Overview
AD Users web query displays Active Directory user objects, located in the domain or OU selected as a scope for the query. Default AD Users web query is included in the built-in Active Directory Admin Unit, and a custom copy of the AD Users web query is copied to every new custom Admin Unit.
Web queries in a custom Admin Unit are used as a scope for role delegation and attribute policy. When limiting the scope of web queries to a specific OU, you limit the scope of objects available for management to delegated administrators.
For more information, please see the New Virtual Admin Units article.
Active Directory Users query settings
Setting name | Description |
---|---|
Limit scope to this domain or OU |
This setting defines the scope of objects to include in the Admin Unit. The scope for the default AD Users web query, which is included in the built-in Active Directory Admin Unit, is set to the default domain. Thus, the default AD Users web query enumerates all objects in the default domain, including system and built-in Active Directory accounts. The scope for the custom AD Users web query, which is included in the custom Admin Unit, is defined as the Admin Unit scope during Admin Unit creation. |
Query criteria |
Use Query criteria to filter out particular objects by their property values. Query criteria are sent with the query to the target system, so filtering is done by the target system before it returns the result set. The default value for this setting is specified in the Web query default filter in Active Directory extension settings, where it is set to include all objects by default.
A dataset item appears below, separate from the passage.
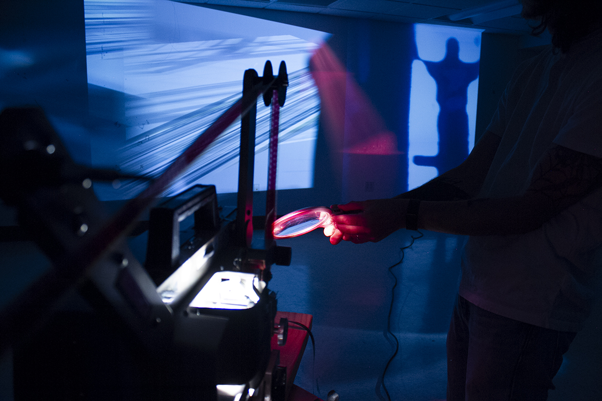 Inside the old Astra Shoe Factory, the Cinema Department will transform an abandoned industrial site into a living cinematic installation. Projectors and cameras scattering light onto reflective surfaces, bouncing it through shifting lenses; sound cracks and mutates through handmade electronics. Nothing is stable: spaces are reimagined, objects recast, and visitors become participants, reshaping the scene as they move. With Monteith McCollum, Christopher Robbins, Andrew Frangella, Brian Gray, and Benjamin Stone, the project echoes how skateboarders reinvent their environment — finding possibility in overlooked corners.

Tip: For different samples on the criteria builder, see KB20180410-1.
|
More Options |
|
Properties to display |
Specify properties to display as columns in the web query result grid. The default columns set for the web query are defined in the Active Directory extension Customize Columns section. To display additional columns, add the required properties to the Properties to display list. |
Other required properties |
Advanced setting to define the list of properties required for this rule to be executed correctly. |
Filter |
Specify additional filter conditions to hide unwanted data based on criteria, not supported by Active Directory query. For example, to filter out objects by the part of their Distinguished Name.
Tip: For optimal performance, use the Query criteria above to filter objects whenever possible.
|
Domain Controller |
Note: Starting from the 8.4.0 version this setting was deprecated.
This setting defines the domain controller to run the AD Users web query.
|
Credentials |
Note: Starting from the 8.4.0 version this setting was deprecated.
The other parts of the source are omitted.